# Comedies on blu-ray



## turtle101 (Jul 25, 2011)

Hi does anybody have any good recommendations for good comedies on blu-ray to add to the collection! I have a few already but looking for some good ones that I haven't seen.


----------



## Dale Rasco (Apr 11, 2009)

Well I personally like 'Paul' quite a bit and I also found movies like 'The Other Guys' and 'Hot Fuzz' to be extremely enjoyable on Bluray as the action scenes really shine!


----------



## eugovector (Sep 4, 2006)

Hott Fuzz has great sound.


----------



## Ares (Nov 23, 2009)

Here's a small list.



Office Space
Clerks
The 40 year old virgin
Pineapple Express
Wedding Crashers


----------



## Sonnie (Apr 11, 2006)

Are there any particular type comedies you are looking for?

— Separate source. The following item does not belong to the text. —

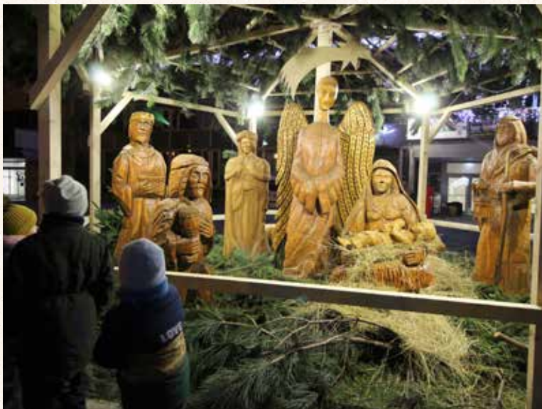
Tradičiou sa stal už aj drevený betlehem, ktorý pre Dúbravku vyrezávalo osem slovenských rezbárov a dokončený bol v roku 2018.

V Jarovciach popoludní pred Štedrým večerom gazda porozkladal v izbe na podlahe slamu, na ktorej potom rodina tri noci spávala. Táto obyčaj bola spojená s poverou, aby sliepky dobre znášali. Skôr ako gazdina prikryla stôl obrusom, nasypala naň obilie rôzneho druhu v tvare kríža. Navrch položila potom „božitnjak“, štedrovečerný pletený koláč, ozdobený figúrkami vtákov. Naprostred stola položili malý vianočný stromček "božitno drivo". Malý stromček odniesli aj na hroby. Nezabudli ani na tanier s vyklíčenou pšenicou zasiatu na deň sv. Barbory.

I am not much on comedies, but do have a few older favorites like *O Brother, Where Art Thou?*, *Trading Places* and *Forrest Gump*.


----------



## Dale Rasco (Apr 11, 2009)

I can't wait for "Oh Brother Where Art Thou" on the 13th!


----------



## GranteedEV (Aug 8, 2010)

The funniest movie i've seen on blu ray lately, was Boondock Saints II :rofl2:


----------



## turtle101 (Jul 25, 2011)

Well I already have Paul I really enjoyed that, the only one I haven't watched from that list was clerks so I'll have to check that out, I love the Apatow comedies and anything with Jason Bateman is great!


----------



## Dale Rasco (Apr 11, 2009)

I've been watching 'Tucker and Dale VS Evil' this weekend on the AppleTV and can't wait for that one to hit Blu-Ray in November! Hilarious!


----------



## robbo266317 (Sep 22, 2008)

turtle101 said:


> Well I already have Paul I really enjoyed that, the only one I haven't watched from that list was clerks so I'll have to check that out, I love the Apatow comedies and anything with Jason Bateman is great!


I don't know if it's on Blu Ray but I like Clerks II The opening sequence is great.

Again, I don't know if these are on Blu Ray yet. Any of the Coen Brothers are great. Burn after Reading, No Country for Old Men and of course Fargo.

Cheers,
Bill.


----------



## turtle101 (Jul 25, 2011)

Hi yea i'm a big coen brothers fan the only one I haven't seen is A serious man is that a good one?


----------